- _Requirement_
Copy the data that follows exactly as it is, excluding all pictures.

- _Information supplied_
━━━━━━━━━━━━━━━━
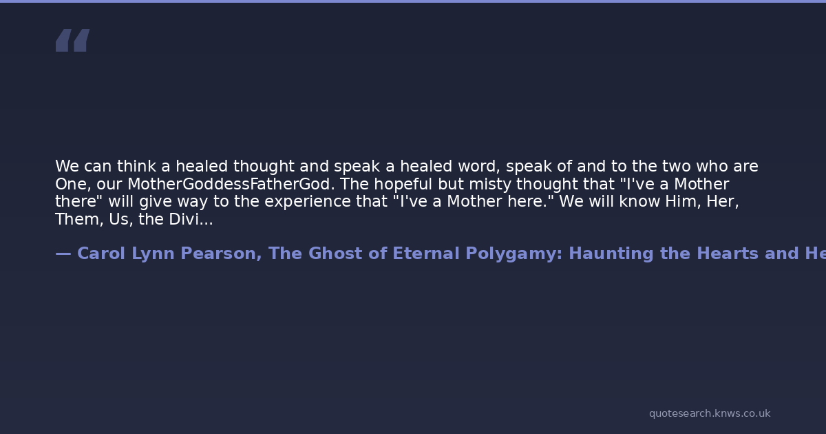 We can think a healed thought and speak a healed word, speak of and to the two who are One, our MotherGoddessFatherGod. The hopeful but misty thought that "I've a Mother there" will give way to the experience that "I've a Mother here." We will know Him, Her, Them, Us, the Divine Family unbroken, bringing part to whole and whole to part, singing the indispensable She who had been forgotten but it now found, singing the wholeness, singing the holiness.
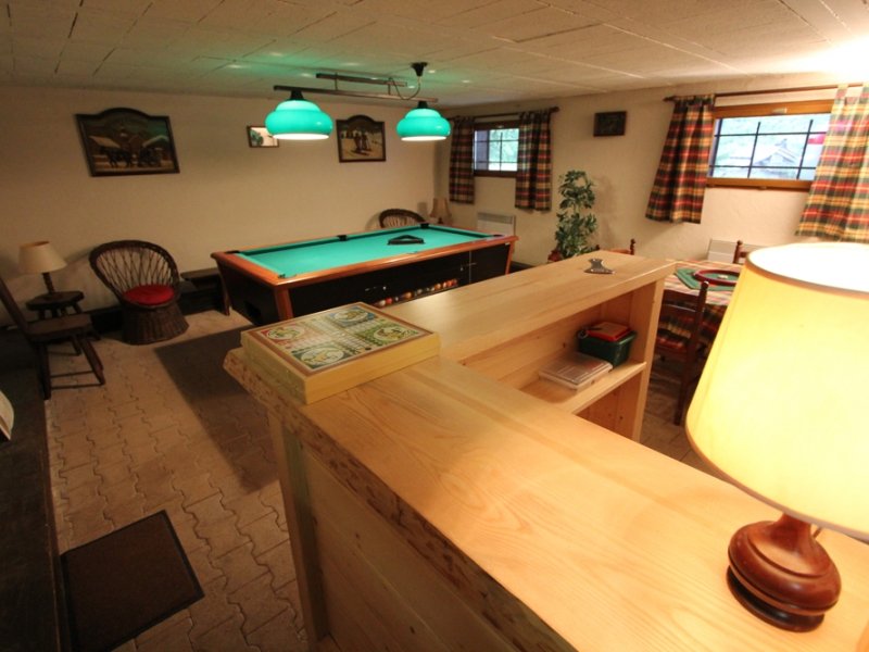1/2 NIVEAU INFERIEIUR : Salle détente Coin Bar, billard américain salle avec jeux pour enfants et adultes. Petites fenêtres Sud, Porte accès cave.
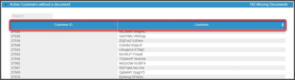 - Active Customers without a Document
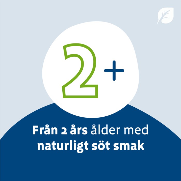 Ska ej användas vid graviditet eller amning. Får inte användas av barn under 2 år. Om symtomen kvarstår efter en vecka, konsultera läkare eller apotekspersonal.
━━━━━━━━━━━━━━━━
- _Task response_
 We can think a healed thought and speak a healed word, speak of and to the two who are One, our MotherGoddessFatherGod. The hopeful but misty thought that "I've a Mother there" will give way to the experience that "I've a Mother here." We will know Him, Her, Them, Us, the Divine Family unbroken, bringing part to whole and whole to part, singing the indispensable She who had been forgotten but it now found, singing the wholeness, singing the holiness.
1/2 NIVEAU INFERIEIUR : Salle détente Coin Bar, billard américain salle avec jeux pour enfants et adultes. Petites fenêtres Sud, Porte accès cave.
 - Active Customers without a Document
 Ska ej användas vid graviditet eller amning. Får inte användas av barn under 2 år. Om symtomen kvarstår efter en vecka, konsultera läkare eller apotekspersonal.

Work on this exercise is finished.